Hong Kong Olympic committee president Timothy Fok embraced the decision.
"Hong Kong is delighted to have this opportunity to contribute further to the Olympic Movement," Fok, a Hong Kong legislator aligned with the city's pro-Beijing wing told Xinhua. "Supporters of equestrian sport can rest assured that we will do everything we can to host them in the best possible way."
A colony for 135 years and a global financial center, Hong Kong boasts its own unqiue culture - fast-paced and cosmopolitan.

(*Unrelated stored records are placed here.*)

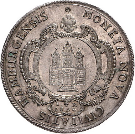 Los-Nummer: Auktion 51 - 871 Altdeutsche Münzen und Medaillen Hamburg-Stadt Taler 1694 IR. Unter Engelskopf Stadtwappen in Kartusche, darunter die Münzmeisterinitialen / Gekrönter Doppeladler mit Zepter und Schwert in den Klauen und Reichsapfel auf der Brust. Gaedechens 523, Davenport 5374. Vorzüglich Schätzpreis: 600,- Zuschlag: 480,- |
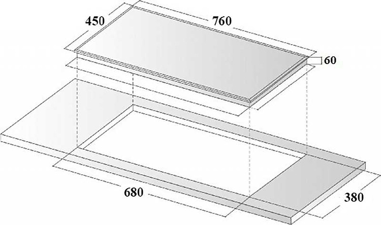 | Kích thước lắp đặt | 680R x 380S (mm) |
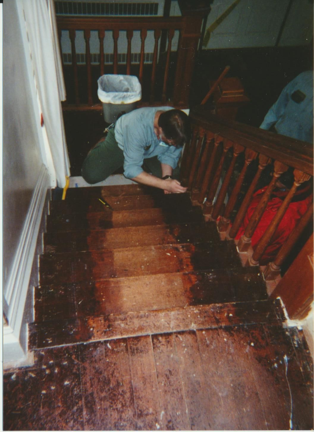 Photograph. 4 3/4 x 3 1/2 color. Schmidt House restoration done in 2001. Photo by Vida Zvirzdys-Farler. Front staircase work.
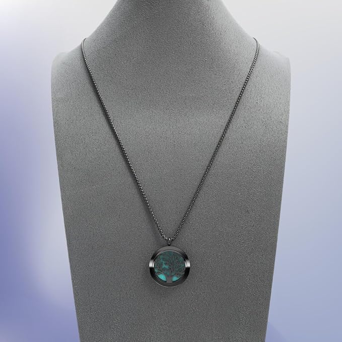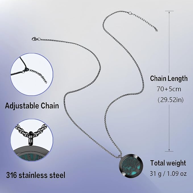 - Aromatherapy Diffuser Necklace - All day comfort essential oil jewelry with premium anti-allergy design; This pendant is crafted from high quality 316L stainless steel with black gold plating, naturally tarnish-resistant, nickel-free and gentle on sensitive skin. Elegant tree of life design adds spirituality, perfect for everyday wear, gift giving or special occasions:Overall chain length: 27.56 inches (70 +5 cm), adjustable length, fits most necklines
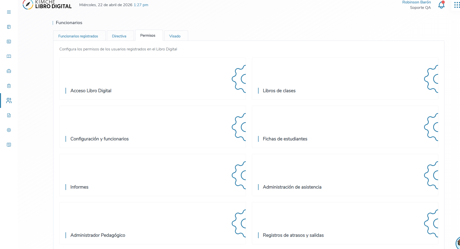 Además de los permisos por rol, es posible personalizar aún más los accesos de cada funcionario mediante permisos específicos. El Director o el Configurador pueden asignar los siguientes permisos, por curso o tipo de enseñanza:
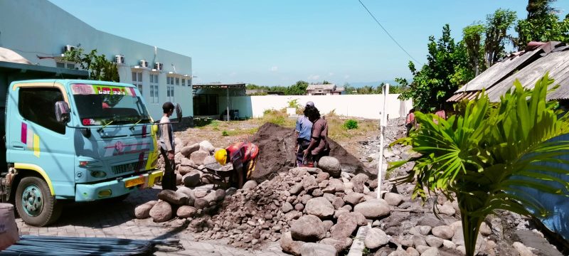 Pantauan di lapangan, Kamis (14/8/2025), pekerja tampak mengaduk material seadanya tanpa mesin molen.
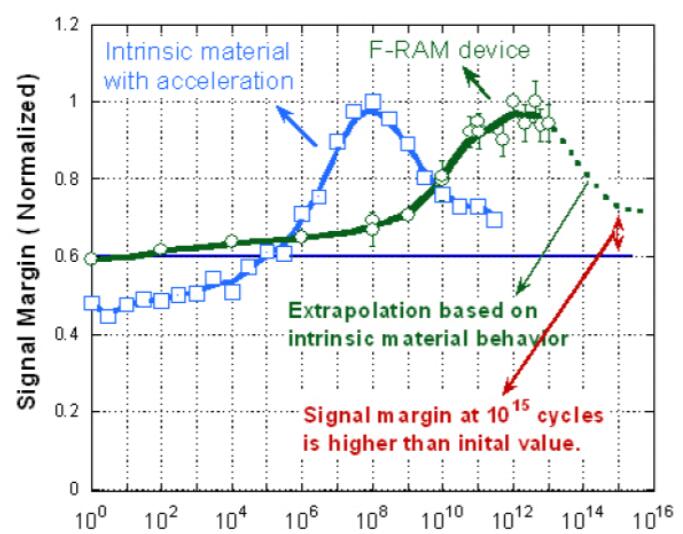 圖1.FRAM器件和本征材料的信號裕量與周期的關(guān)系圖顯示,與初始值相比,F(xiàn)RAM器件在1015個(gè)周期時(shí)的信號裕量更高。
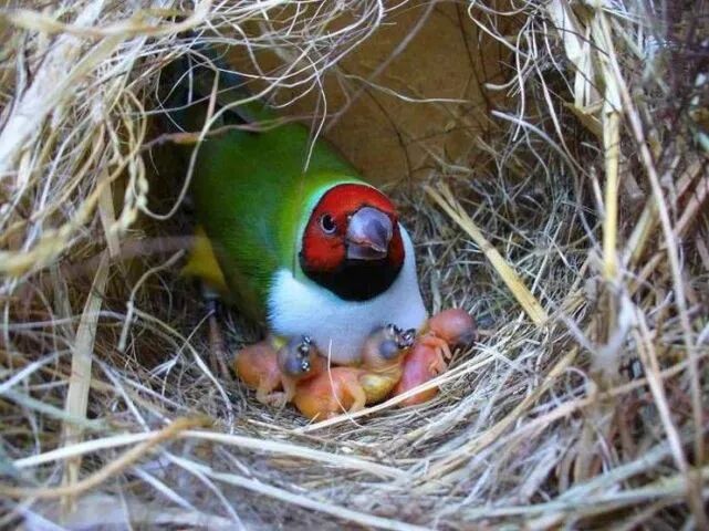 所有梅花雀科一窝都会同时孵化5-10枚蛋,当这些雏鸟一起破壳而出的时候,它们的父母不一定能够把所有的雏鸟都养育大。
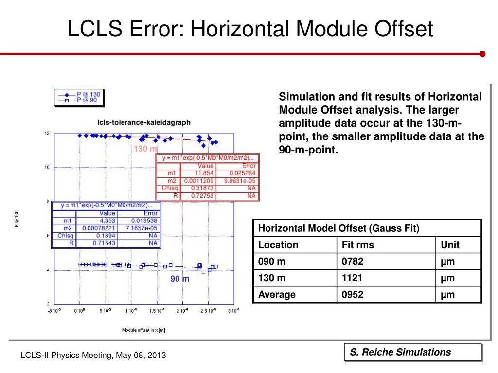 LCLS Error: Horizontal Module Offset Simulation and fit results of Horizontal Module Offset analysis. The larger amplitude data occur at the 130-m-point, the smaller amplitude data at the 90-m-point. 130 m 90 m S. Reiche Simulations Slide 7

Here, wedged between skyscrapers and tropical hills, British, Chinese and South Asian personalities dance.
Apprehension gripped Hong Kong a decade ago as the island prepared for its return to communist China. Declaring 'one country, two systems,' PRC leaders granted the government of Hong Kong responsibility for its own legal system, police force, monetary system, customs policy, immigration policy and delegates to international organizations (e.g. the International Olympic Committee) - at least until 2047.
Hong Kong had established strong economic ties with the Mainland already - serving as China's main source of foreign investment following that country's 1978 reforms. In 1979, Chinese leader Deng Xiaoping designated Shenzhen, then a Mainland fishing village just north of Hong Kong, a Special Economic Zone. But the handover's political implications bothered Hong Kongers who valued the island's British heritage and those who advocated democracy.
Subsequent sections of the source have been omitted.